THE INPUT

--

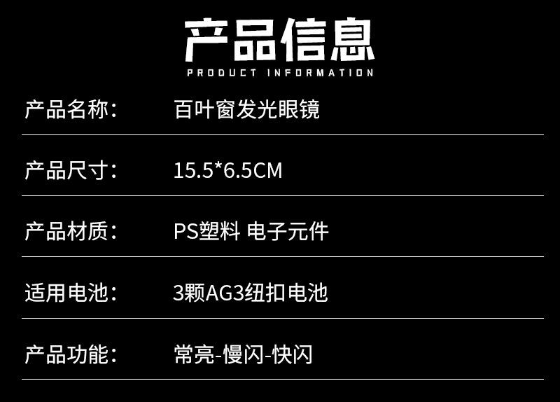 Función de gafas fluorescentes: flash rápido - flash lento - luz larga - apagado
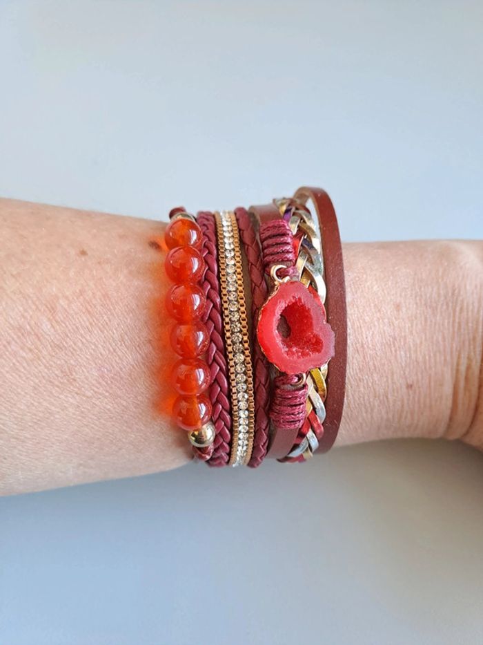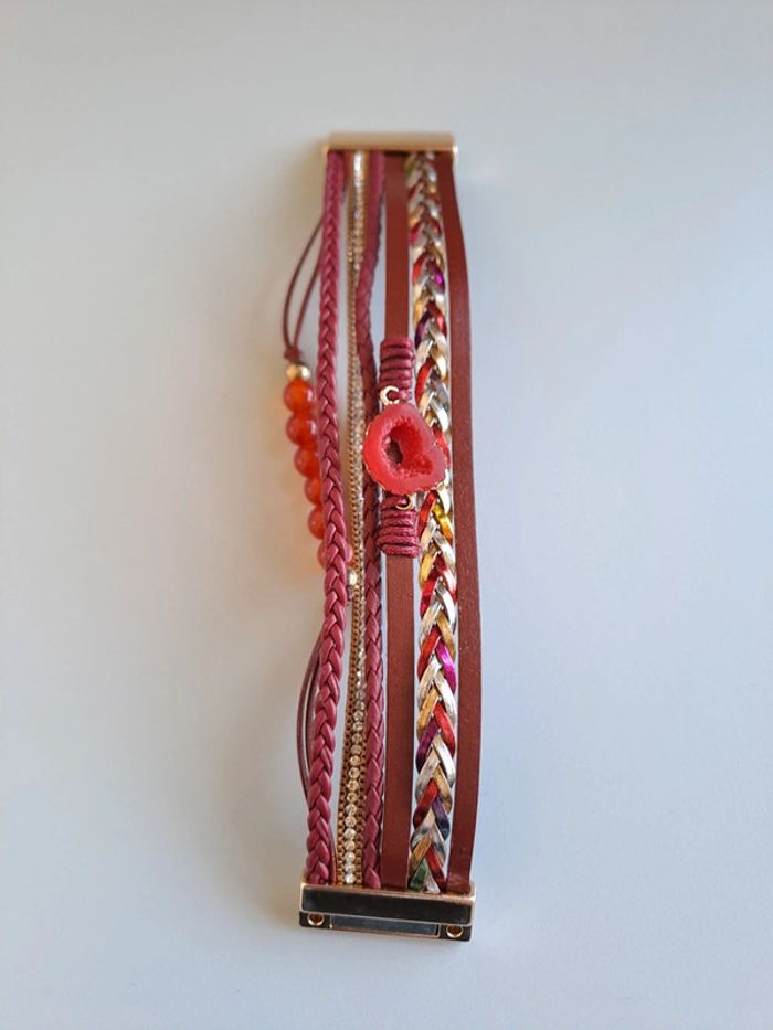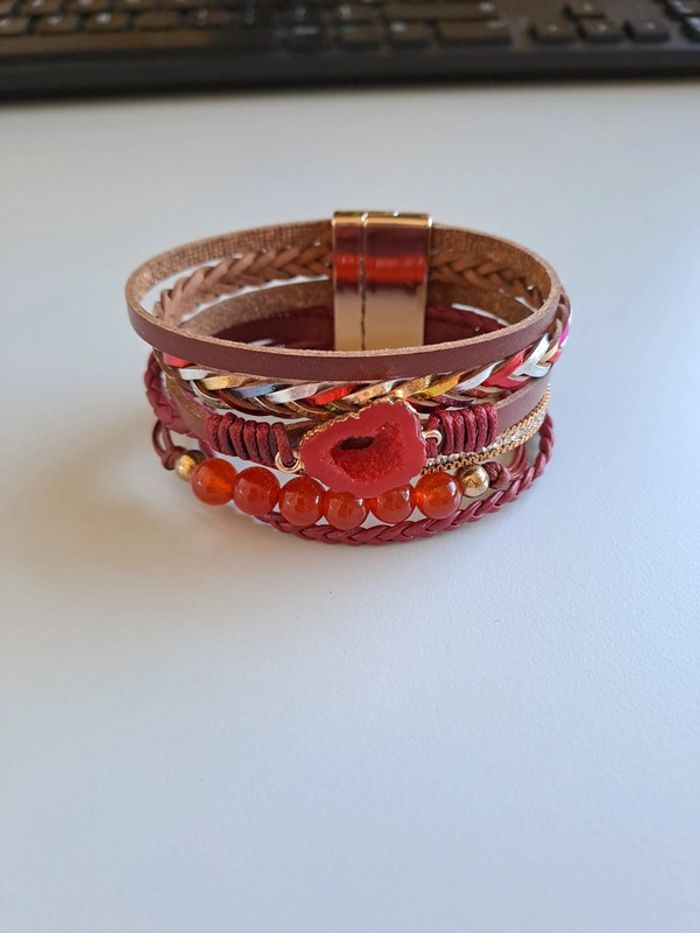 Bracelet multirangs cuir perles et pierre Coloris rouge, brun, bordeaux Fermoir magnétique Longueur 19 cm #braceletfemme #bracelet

--

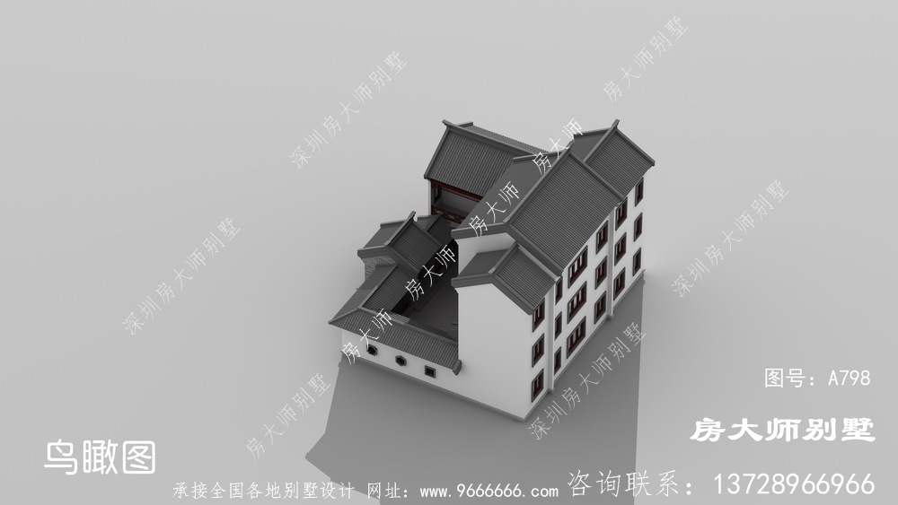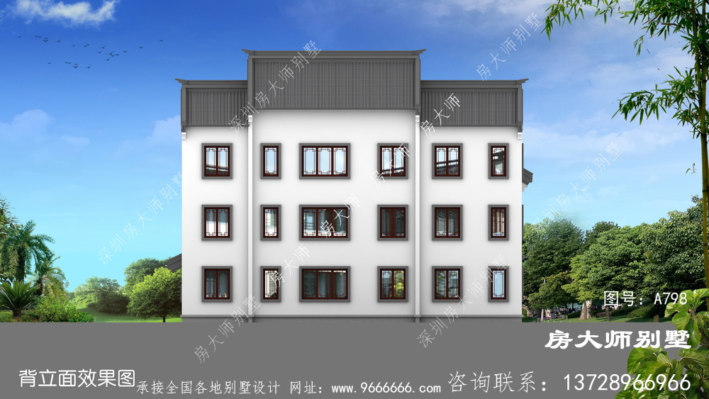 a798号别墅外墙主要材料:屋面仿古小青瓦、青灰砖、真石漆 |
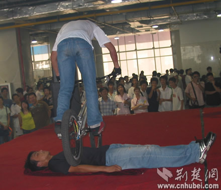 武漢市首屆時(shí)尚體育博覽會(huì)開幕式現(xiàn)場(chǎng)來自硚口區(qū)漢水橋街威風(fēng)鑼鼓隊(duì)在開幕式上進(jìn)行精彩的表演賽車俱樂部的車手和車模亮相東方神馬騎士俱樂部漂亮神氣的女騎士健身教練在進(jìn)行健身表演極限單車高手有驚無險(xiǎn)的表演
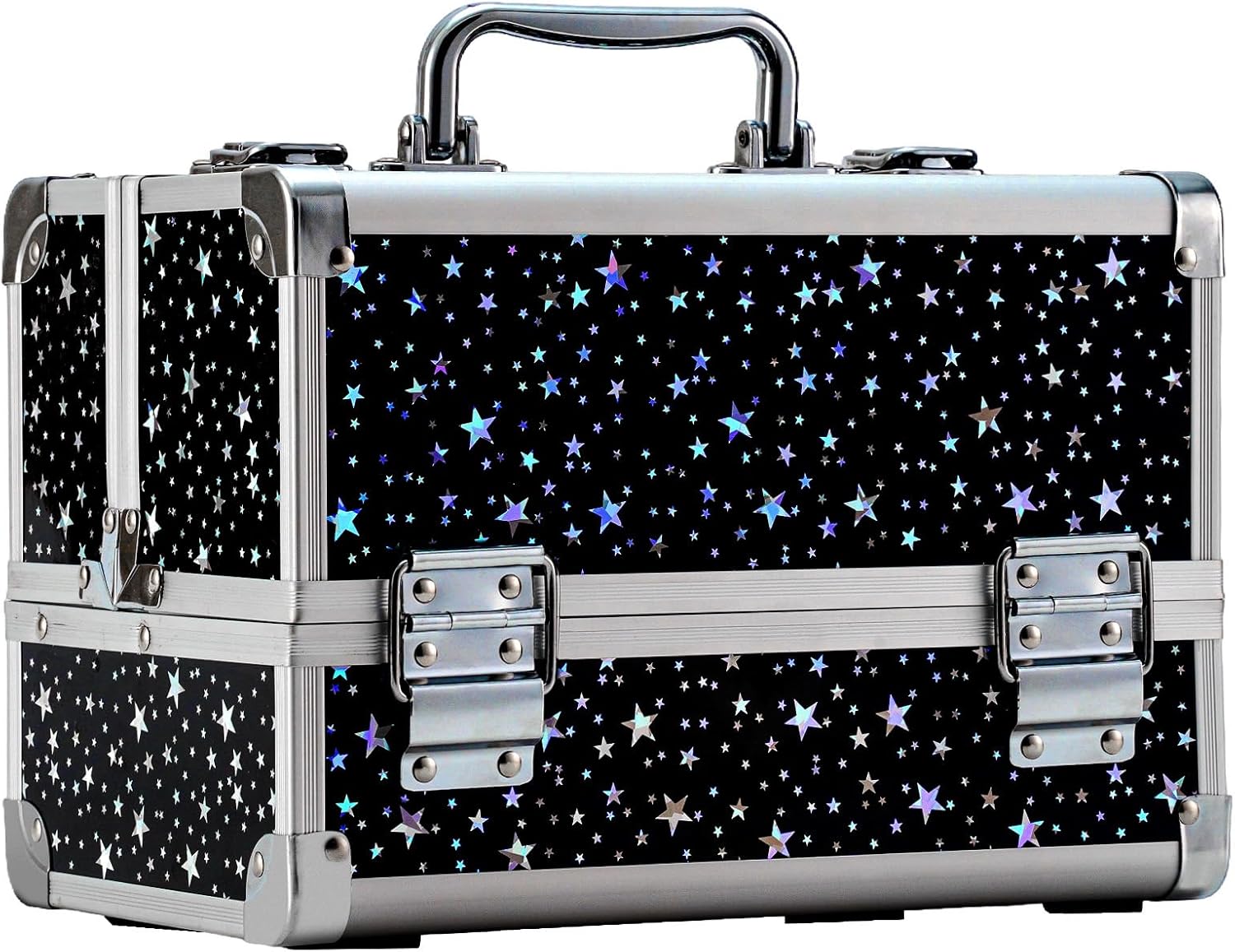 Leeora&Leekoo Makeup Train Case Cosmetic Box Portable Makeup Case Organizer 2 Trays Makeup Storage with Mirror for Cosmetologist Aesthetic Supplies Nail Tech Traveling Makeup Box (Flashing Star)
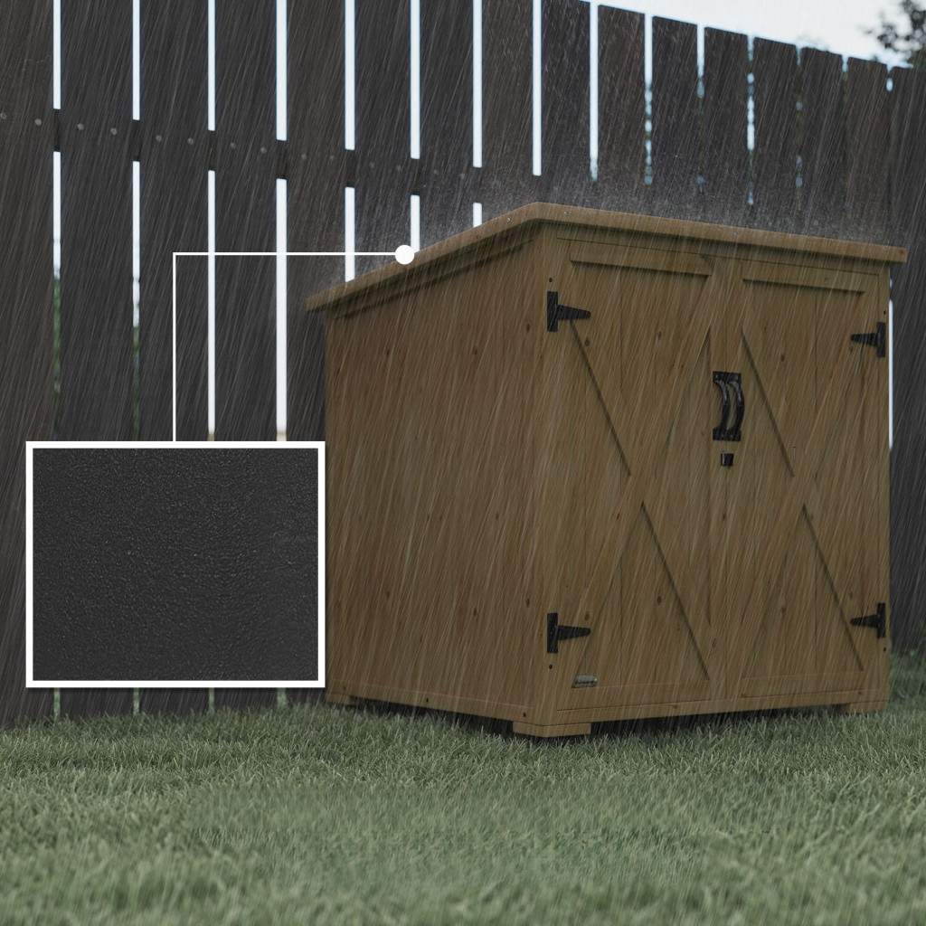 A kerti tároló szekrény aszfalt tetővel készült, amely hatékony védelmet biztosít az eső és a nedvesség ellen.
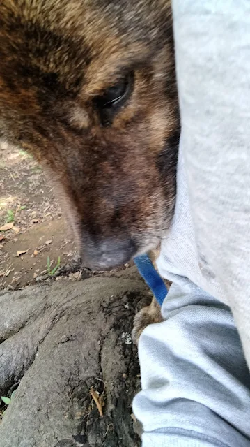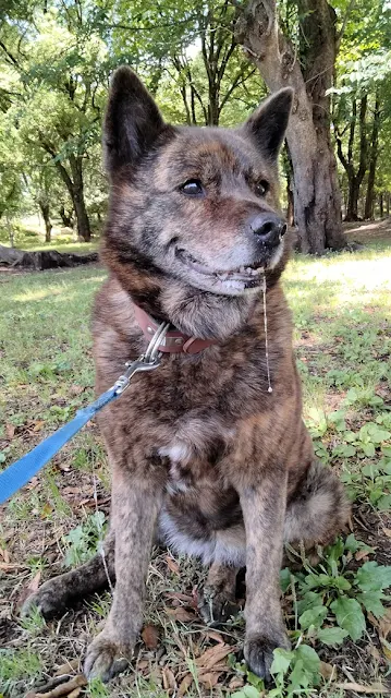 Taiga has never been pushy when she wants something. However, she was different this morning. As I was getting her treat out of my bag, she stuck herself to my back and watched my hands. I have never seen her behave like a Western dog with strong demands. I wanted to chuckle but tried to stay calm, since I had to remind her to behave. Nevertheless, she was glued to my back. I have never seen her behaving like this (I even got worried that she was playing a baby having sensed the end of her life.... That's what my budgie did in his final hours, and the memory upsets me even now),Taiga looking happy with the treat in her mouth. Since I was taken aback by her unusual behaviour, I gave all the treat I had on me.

--

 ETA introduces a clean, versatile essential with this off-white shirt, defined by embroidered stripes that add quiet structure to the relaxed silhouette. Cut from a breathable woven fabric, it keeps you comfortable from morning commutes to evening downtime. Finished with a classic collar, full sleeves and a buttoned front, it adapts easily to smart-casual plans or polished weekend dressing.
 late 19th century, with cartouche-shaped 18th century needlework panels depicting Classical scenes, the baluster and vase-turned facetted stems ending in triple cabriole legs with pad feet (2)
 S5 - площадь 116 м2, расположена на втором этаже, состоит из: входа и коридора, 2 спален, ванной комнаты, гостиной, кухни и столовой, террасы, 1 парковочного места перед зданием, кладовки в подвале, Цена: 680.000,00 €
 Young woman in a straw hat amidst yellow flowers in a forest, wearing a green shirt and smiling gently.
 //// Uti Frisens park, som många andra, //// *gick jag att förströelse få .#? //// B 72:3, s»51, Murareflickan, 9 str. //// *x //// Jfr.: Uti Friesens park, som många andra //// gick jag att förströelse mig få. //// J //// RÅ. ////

--

ASSIGNMENT
Between and including the line above that contains "武漢市首屆時(shí)尚體育" and the line that contains "A kerti tároló", restate every line word for word. Pictures stay out.

PROBLEM SOLUTION
 武漢市首屆時(shí)尚體育博覽會(huì)開幕式現(xiàn)場(chǎng)來自硚口區(qū)漢水橋街威風(fēng)鑼鼓隊(duì)在開幕式上進(jìn)行精彩的表演賽車俱樂部的車手和車模亮相東方神馬騎士俱樂部漂亮神氣的女騎士健身教練在進(jìn)行健身表演極限單車高手有驚無險(xiǎn)的表演
 Leeora&Leekoo Makeup Train Case Cosmetic Box Portable Makeup Case Organizer 2 Trays Makeup Storage with Mirror for Cosmetologist Aesthetic Supplies Nail Tech Traveling Makeup Box (Flashing Star)
 A kerti tároló szekrény aszfalt tetővel készült, amely hatékony védelmet biztosít az eső és a nedvesség ellen.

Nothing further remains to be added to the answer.